In a tense meeting Monday, City Council members and City Manager Chip Boyles finally discussed the termination of Police Chief RaShall Brackney as an official agenda item. A recording played by Mayor Nikuyah Walker revealed Boyles believed the Virginia Police Benevolent Association had an agenda to get Brackney fired.

And before it was all over, voices grew loud and tensions flared, but little new information came out about Brackney’s dismissal.

Last month, Boyles exercised his right to terminate Brackney’s employment contract upon 90 days’ notice. Brackney, who was hired by the city in June 2018, will be on paid administrative leave until Nov. 30. Brackney had no public record of wrongdoing or disciplinary action taken against her, which sparked community outrage at the decision.

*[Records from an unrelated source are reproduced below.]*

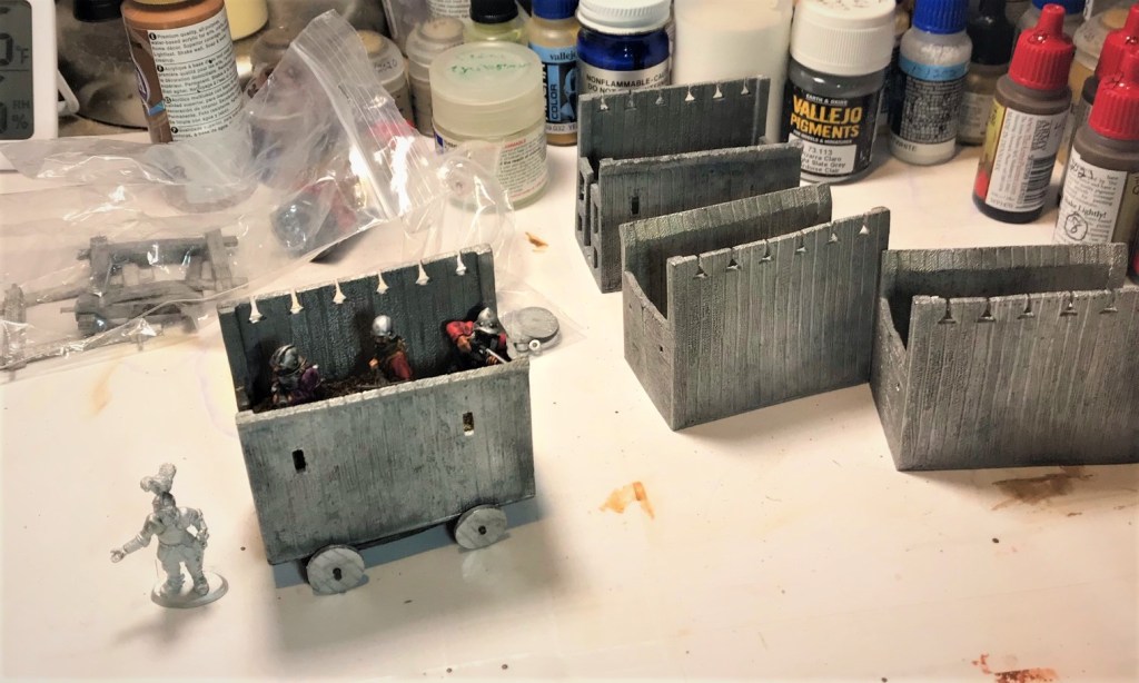 Yes! I had found my solution! I ordered four from them, and the company was great. They even gave me a free Cortes figure (which I will paint soon I hope). Even better, these were solid METAL. Assembly was just adding the undercarriage axle supports, the wheels, and a wheel spacer. There are two benches inside and I can get two figures into the wagon. One challenge faced me that was new – no brush or angled brush would reach under the benches for painting. They do look nice though.
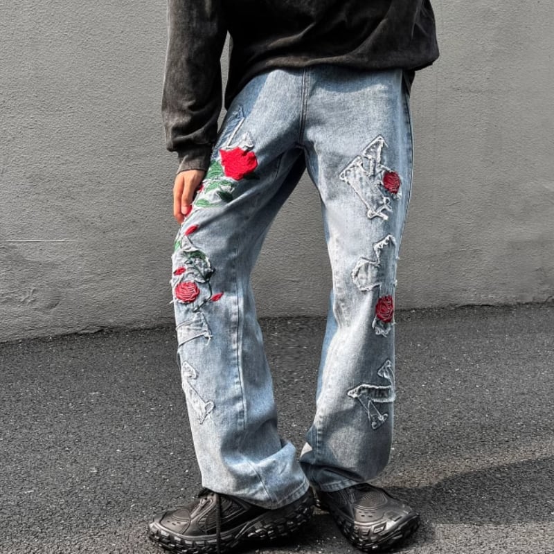 【FLEX0472】Rose Embroidered Logo Damaged Denim
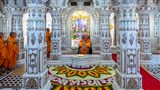 After his morning puja, Swamishri performed the murti pratishtha ritual of pujan and arti of Shri Akshar Purushottam Maharaj, Shri Radha Krishna Dev and Guru Parampara for BAPS hari mandirs in the villages of Sarkhej and Nenpur.
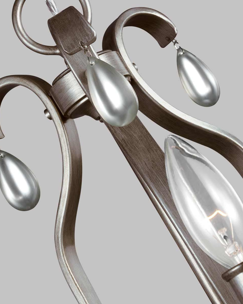 This lustrous Chandelier is reminiscent of provincial France displaying romantic curved lines, candle-like light sleeves and stunning teardrop detail. The traditional design has been amplified with a modern Sunrise Silver finish to amplify the elegant silhouette. Make a spectacle of this stunning Chandelier in your living room, above your dining table or in your foyer. Available in 3, 4, 5 or 9 light variants.
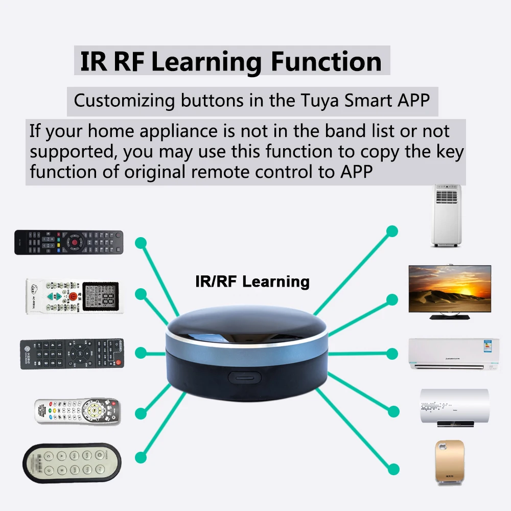 ● Устройства ИК-управления: ТВ, STB (приставка), TV Box, кондиционер, вентилятор светильник, аудио, проектор, DVD, камера, обогреватель, очиститель и т. д.● RF(433 МГц) устройства управления: шторы, Рольставни, толкатель окна, вешалка, проекционный экран, дверь гаража, выдвижная дверь, RF переключатель и т. Д.※ Поддерживает только RF 433 МГц, не поддерживает RF 315 МГц. Совместим с фиксированным кодом и обучающим кодом, не совместим с непрерывным кодом RF.
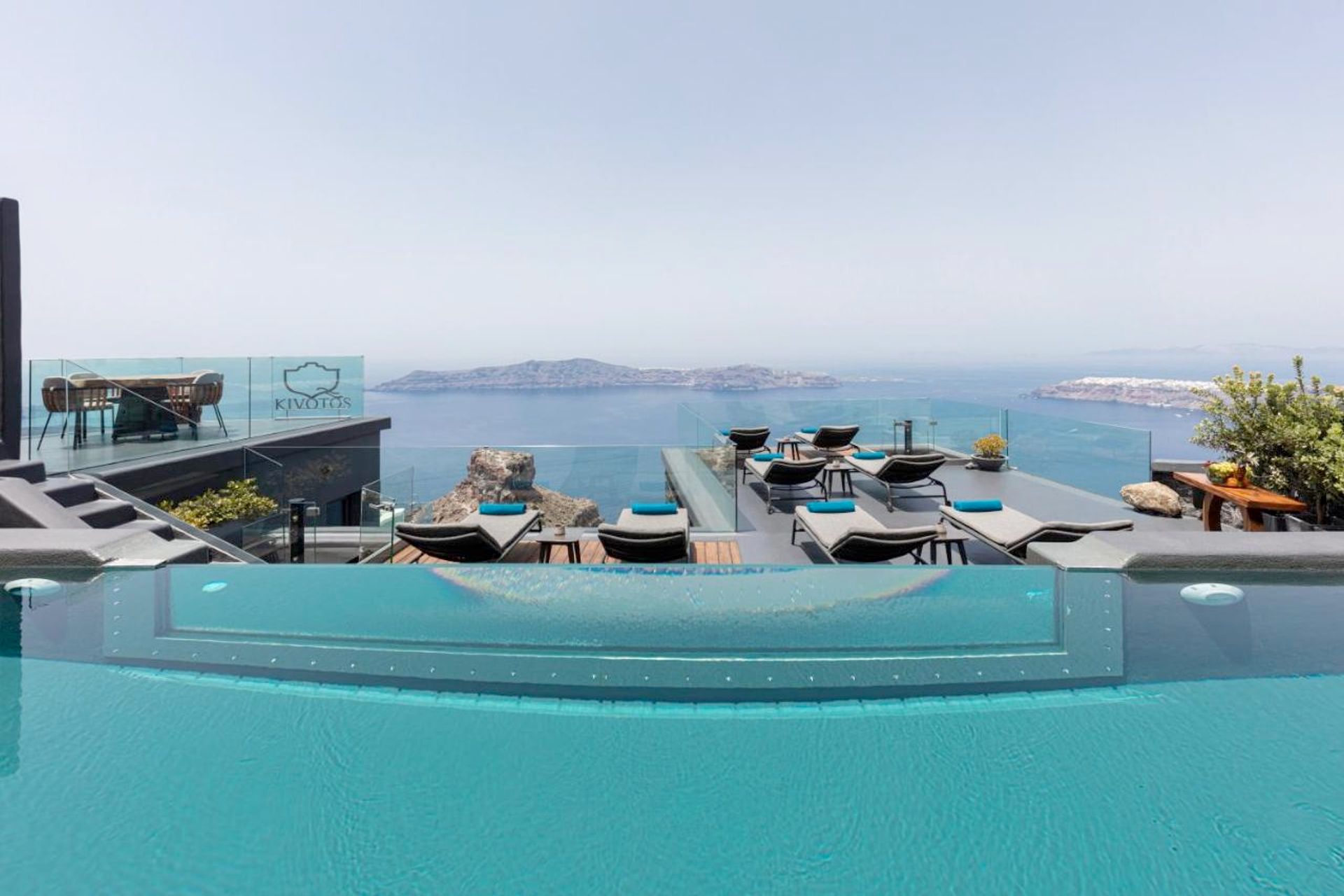 Kivotos Santorini is a unique hotel that combines luxury with artistic flair. The suites are elegantly designed, featuring private terraces and pools. The attention to detail in the decor creates a sophisticated and inviting atmosphere.
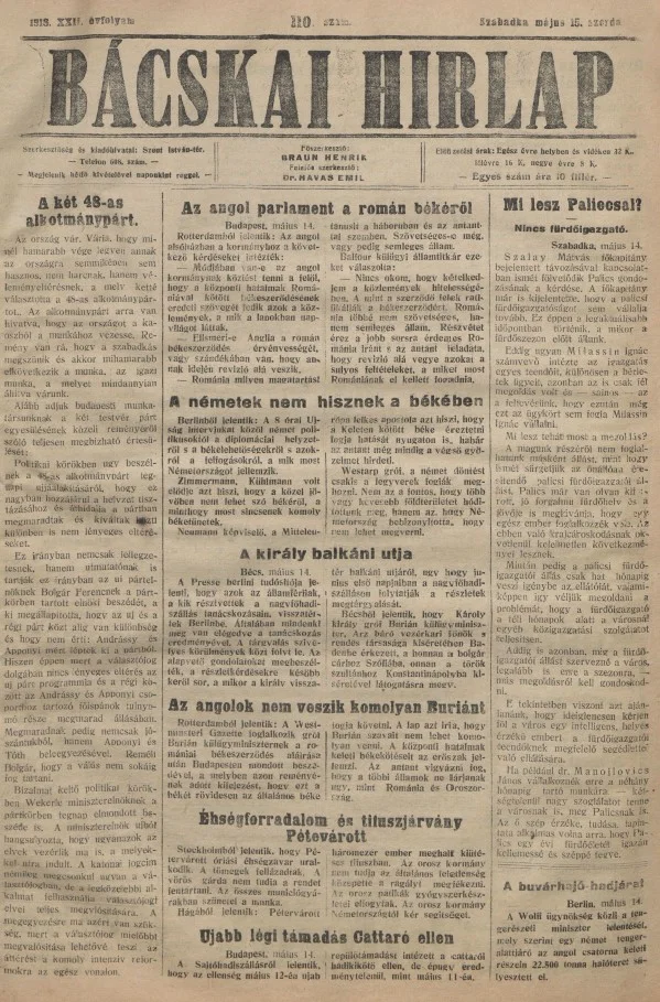 Bácskai Hirlap, 22. évf. 1918. május 15. 110. sz.
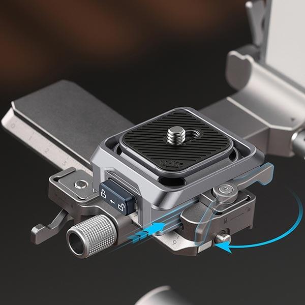 Ürün, tek plakayla birden fazla stabilizatörü yönetebilme mantığıyla tasarlanmıştır. Bu, sahada sürekli ekipman değiştiren içerik üreticileri için büyük bir avantaj sağlar. Çekim sırasında kamerayı bir anda gimbal üzerinden çıkarmanız veya slider, tripod, monopod gibi farklı bir ekipmana geçirmeniz gerektiğinde UKA hızlı bağlantı mekanizması beklemeyi ortadan kaldırır. Plakanın özel kaydırmalı yapısı, kamera gövdesinin saniyeler içinde yerine oturmasını sağlar. Sadece plakayı yerine sürmeniz ve güvenlik kilidini etkinleştirmeniz yeterlidir; kamera kendini otomatik olarak kilitleyerek maksimum güvenliği sunar. Bu sistem hem hız kazandırır hem de çekim akışının bölünmesini engeller.
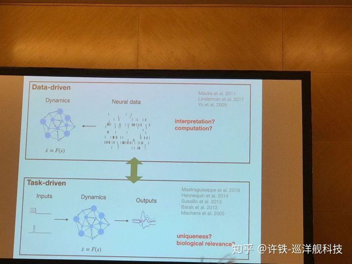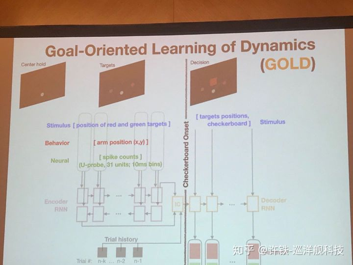 另一些讨论围绕RNN,本次会议提到了一个GOLD模型 (Daniel O'shea Stanford)。用RNN可以学习执行一个任务,比如决策,但是以往我们不知道RNN的神经元活动和真实的关系。 现在, 执行任务的同时我们用类似刚刚的方法让它拟合真实的实验数据(神经元活动), 由此我们认为,得到的RNN就是我们脑网络的缩影,可以分析出大脑信息流动的基本原理。 这类工作应该对构建大规模脑网络非常有帮助。
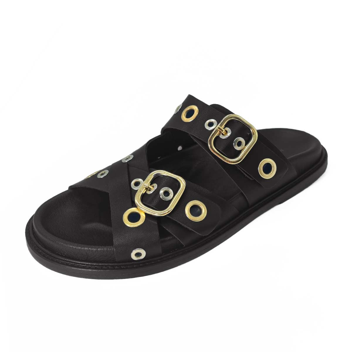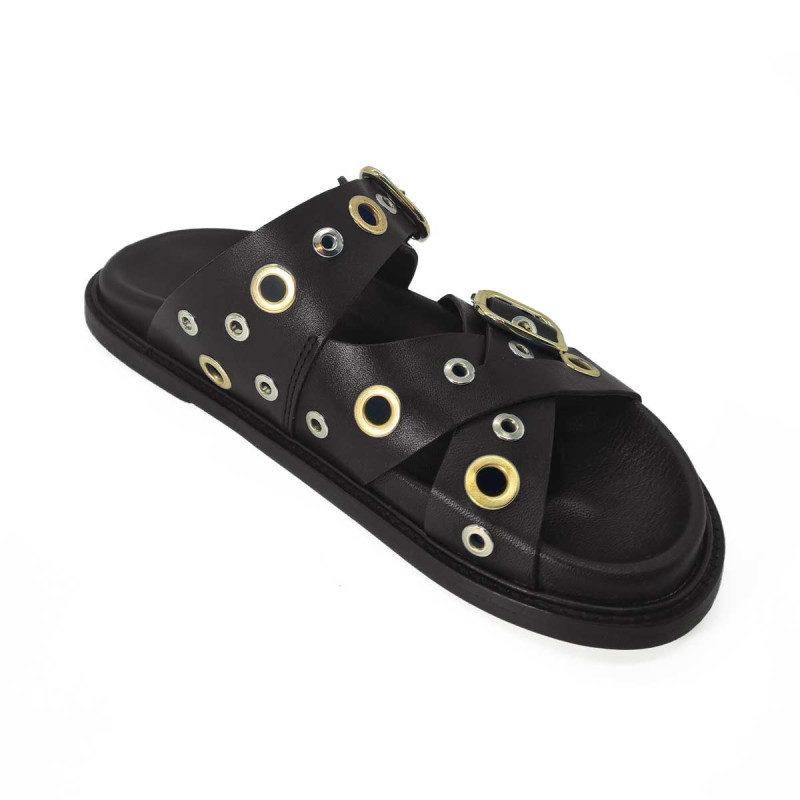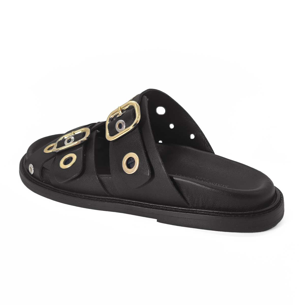 Mule Karine cuir noir avec œillets – Maison Toufet
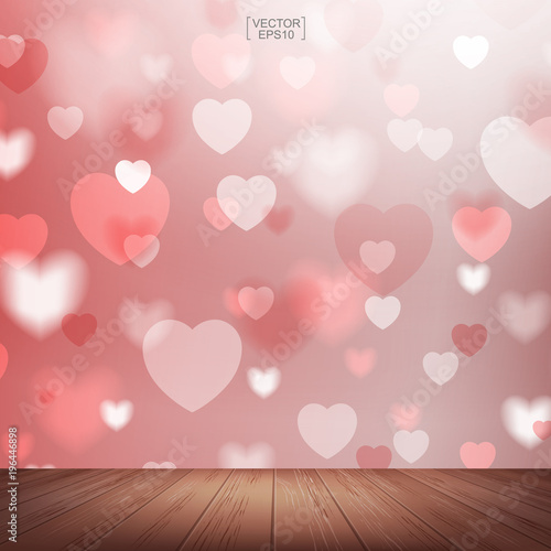 Wooden Table Top And Heart Blurred Background Used For Greeting Card
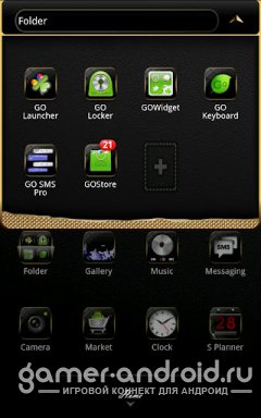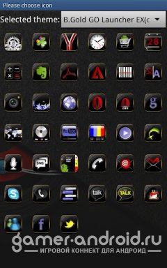 B.Gold Golauncher EX Theme - Новая стильная тема, тема выполнена в черно-золотых оттенках. Тема полностью заменяет папки, иконки и в результате вы получаете совершенно новый смартфон но ОС Android.
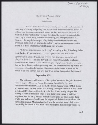 The Invisible Wounds of War By Shon Pernice War is a battle for survival: physically , emotionally , and spiritually. It has a way of pushing and pulling your psyche in all different directions. 1...
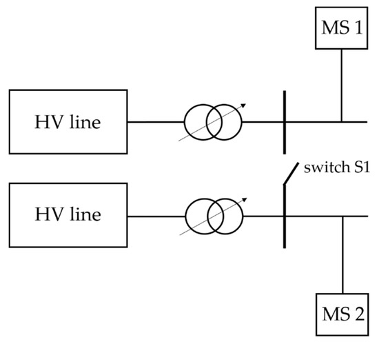 Simplified scheme of an example of an HV/MV (High Voltage/Medium Voltage) substation equipped with two measuring systems, i.e., MS1 (Measurement System 1) and MS2 (Measurement System 2), installed at the MV (Medium Voltage) busbars.
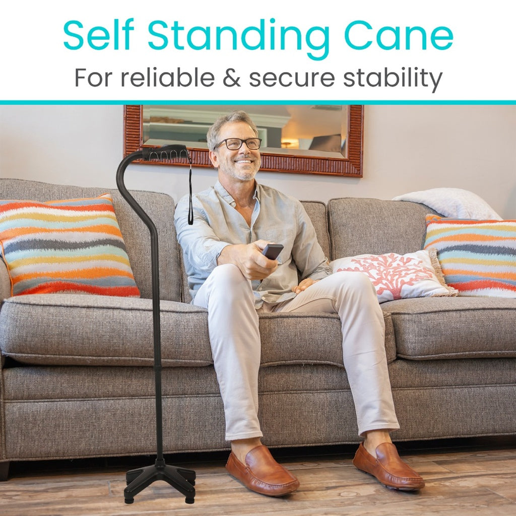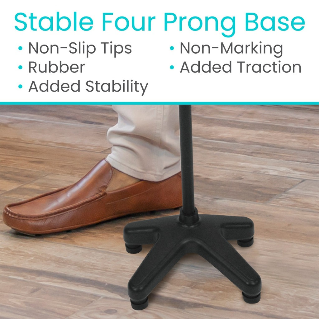 Crafted from heavy-duty aluminum, this quad cane offers both durability and lightweight convenience. It provides dependable support with a four-prong base, allowing it to stand on independently when not in use. With a weight capacity of up to 250 pounds, you can rely on sturdy support.
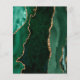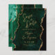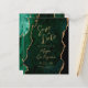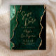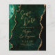 Med det här elegant bröllop kan du spara datumkortet med en bakgrundsbild av en vattenfärgad agate i grönten emerald som trimmas med faux guld glitter. Anpassadet kombinerar modern handskrift, tryckplåt och kursivt typsnitt med guld-färgad. Den omvända sidan har en samordnande grönt och guld agate-design.
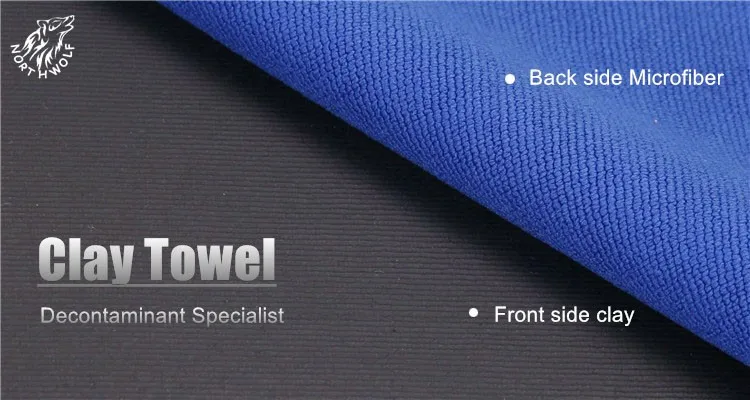 NORTH WOLF microfiber clay towel with one-side finished in a hi-tech rubber polymer coating, it's easy to remove the contaminant with water only, such as paint,asphalt, guano,dust,insect ect. Use with clay lubricant or water only. Much faster than traditional clay bar.
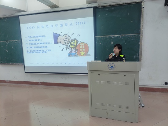 活动伊始,围绕“精准打击,全面防范,天下无诈”主题濂溪区特勤大队“反诈组”成员展开形象生动的宣讲。主讲人首先介绍了电信诈骗的起源,同时以数据说明了电信网络诈骗案例在近期刑事案件中所占比例之大,之后说明了主要的三种电信诈骗类型:网络刷单诈骗、网络虚拟购物诈骗与网络虚假贷款诈骗,并逐一举例讲解。同时,主讲人根据网络诈骗案件的特点,向同学们提出了防范电信诈骗的“五不要”和应该养成的“七个好习惯”。
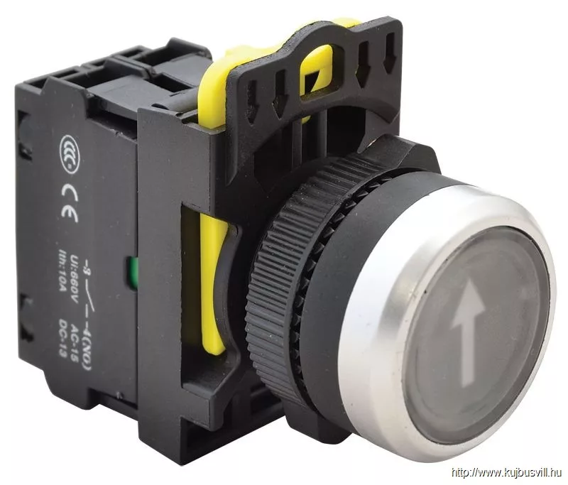 TRACON NYG3-P4L Jelölt, világító nyomógomb, fekete, (fehér nyíl) 1×NO, 5A/230V AC-15, IP65, LED 230V AC/DC
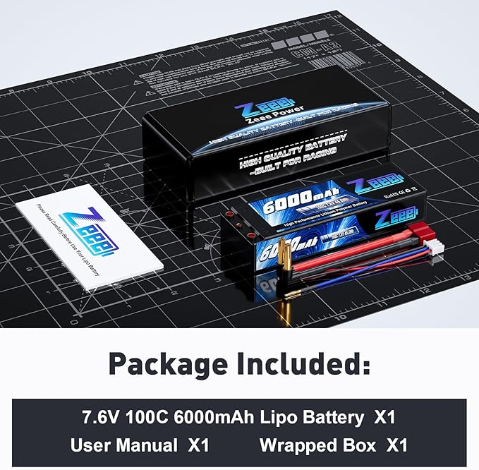 About This 【2S Lipo Specificaation】- Battery voltage: 7.6V; Configuration: 2S1P; Capacity: 6000mAh; Discharge:100C; Cell voltage: 3.2~4.35V; Plug: T Connector; Bullet... Read more

Toward the end of Monday’s meeting, Walker played a short recording she made of Boyles talking. In the recording, Boyles said he believed Michael Wells, the chair of the PBA, was determined to get Brackney fired.

“All he has in his sights is the chief’s badge,” Boyles said. “I think he could care less about the officers. He’s on a mission.”

Earlier in the meeting prior to hearing the recording, councilors Michael Payne and Sena Magill had voiced their concerns that the PBA has too much influence on the city and has an agenda to push out people it disagrees with. Both councilors said it is important to continue the racial equity progress Brackney made.

The topic of Brackney’s dismissal had been brought up at the last two previous council meetings, but councilors voted against Walker’s motions to discuss it, citing the need for preparation time to discuss the issue and understand what legal parameters were in place for discussing a personnel matter.

For the most part during the meeting, Boyles reiterated points he made in a Sept. 17 op-ed in The Daily Progress, saying he was concerned after at least 10 department leaders said they would leave because of Brackney’s leadership. Boyles said he felt he had to make a “hasty” decision to save the department.

Boyles stated in the op-ed that the results of an internal survey and a survey conducted by the PBA influenced his decision. He also said he regretted not working with Brackney and the councilors before firing her.

During the meeting, Boyles said he takes responsibility for any wrongdoing in his decision. He said it is important for the city manager in this form of government to follow council’s direction.

“And if at any time I’m not following that direction for the majority of council, I would expect and I would take the responsibility for any advisement you would give me, any discipline you would provide me, for any termination that would be required for not following that direction,” Boyles said.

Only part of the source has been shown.